Fantastic excuses for turning up late

Do you ever wish that your employees, rather than rehearsing the same tired excuses, were a little inventive when it came to explaining their lateness?

Fantastic excuses for turning up late

Citing problems with traffic is the most common excuse trotted out for arriving late at work, according to a Career Builder survey. This lame excuse is followed by a lack of sleep, childcare arrangements, weather, and public transport.

While most employers will forgive an employee for relying on one of these excuses sporadically, repeated lateness can be problematic. Over one third of hiring managers have fired someone for persistent tardiness, according to Rosemary Haefner, VP HR – Career Builder.

However, if someone came to you with one of these excuses, you’d be hard pressed to respond with anything but a hearty chuckle.

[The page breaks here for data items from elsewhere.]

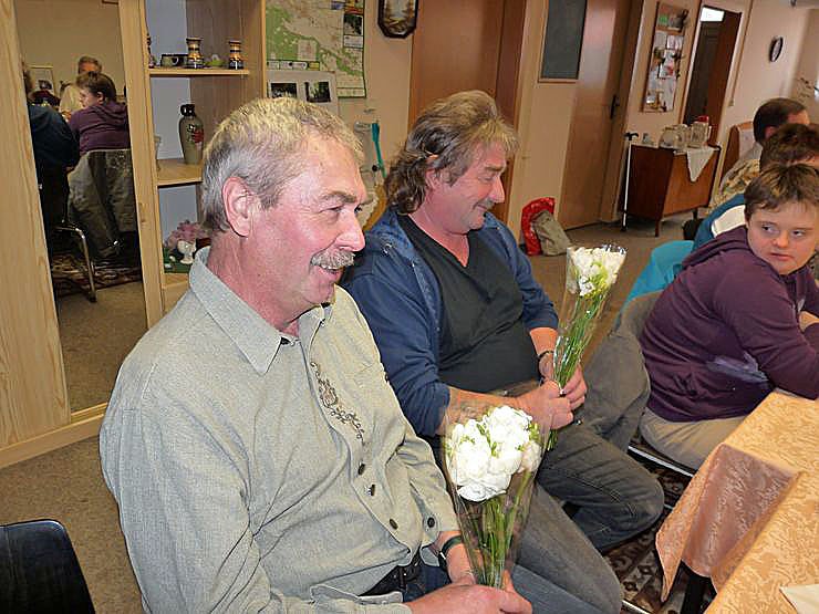 Nicht um sonst als Erste bekamen die beiden Fahrer des Transporters einen Strauß Blumen überreicht, denn sie fahren die Behinderten fast täglich ehrenamtlich, ob auf Arbeit, Schule oder zu notwendigen Arztbesuchen.
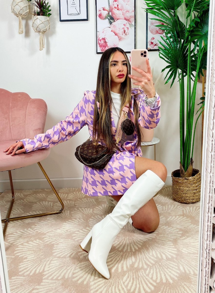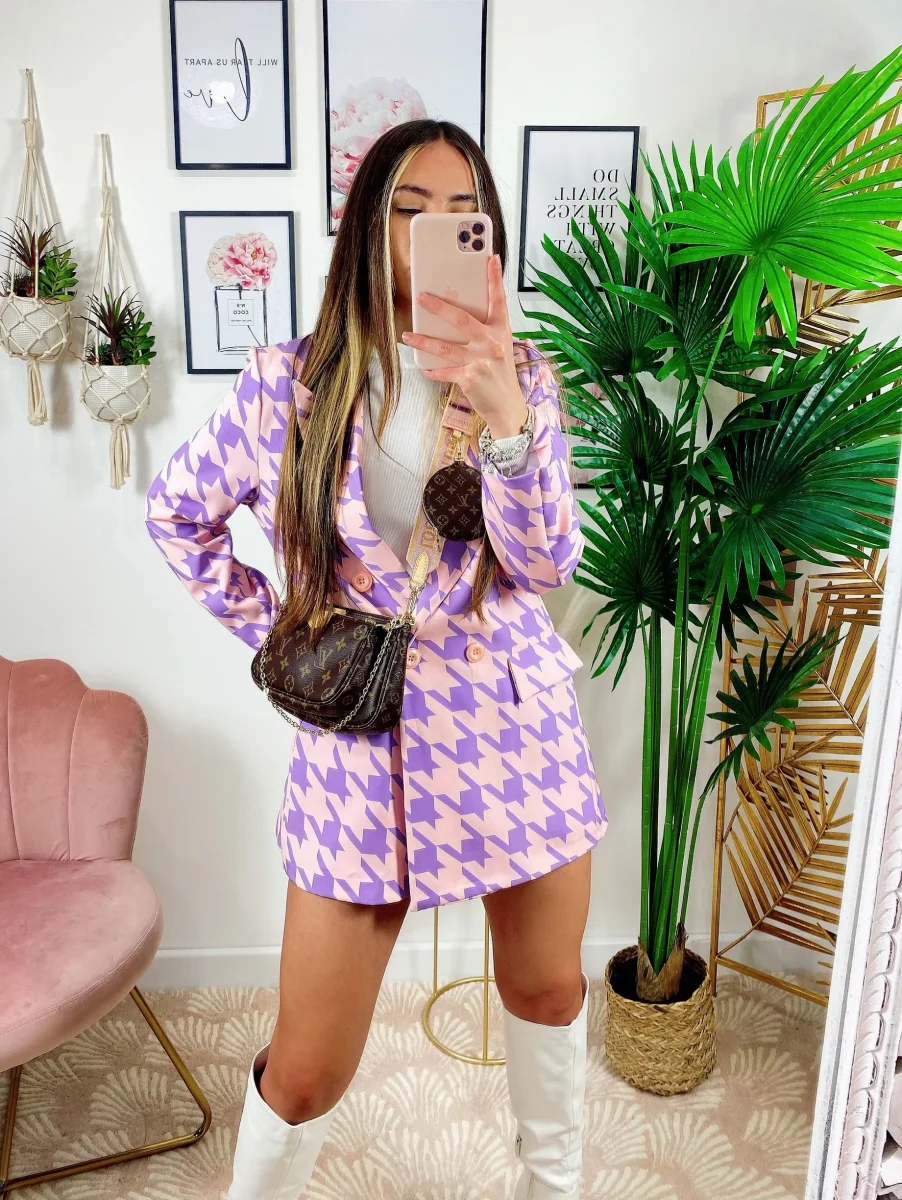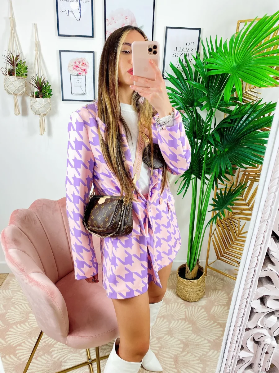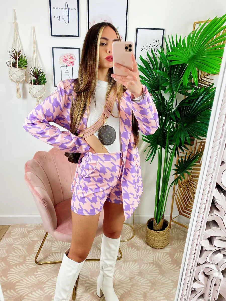Completo giacca e Short a quadri Lilla Alta qualità.
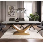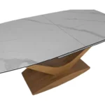 Najnovejša pridobitev v kolekciji keramičnih miz Davin! Miza dimenzij 180(240) x 95 s keramično ploščo od kaljeneg stekla bo poskrbela za zbirališče vaše jedilnice. Namizna deska je tokrat v mat beli barvi, dodatno trdnost in stabilnost pa mu bo dala čvrsta kovinska podloga.

Most memorable excuses for arriving late at work:


  • An employee accidentally dropped her purse into a coin-operated newspaper dispenser and couldn’t retrieve it…since her change was in her purse.
  • An employee left home with his flatmate’s girlfriend’s shoes on and had to return in order to change them.
  • One employee’s vengeful wife froze his truck keys in a glass of water in the freezer.
  • An employee was delayed because she had to dress her cement duck in a rain coat since rain was expected later in the day.
  • One employee couldn’t start his car because his breathalyzer indicated that he was drunk.
  • An employee’s hair clippers died in the middle of his attempt to cut his own hair before work so he had to wait for a barber to open.
  • Another employee’s car was attacked by a bear.
  • One employee drove to her ex-employer by mistake.
  • Another employee claimed to have been delayed by delivering a stranger’s baby on the side of the motorway.

***Harris Interactive conducted this survey online, on behalf of Career Builder, between November 1 and November 30, 2012. Participants comprised 2,611 hiring managers and HR professionals in addition to 3,991 full-time, private sector employees in the US.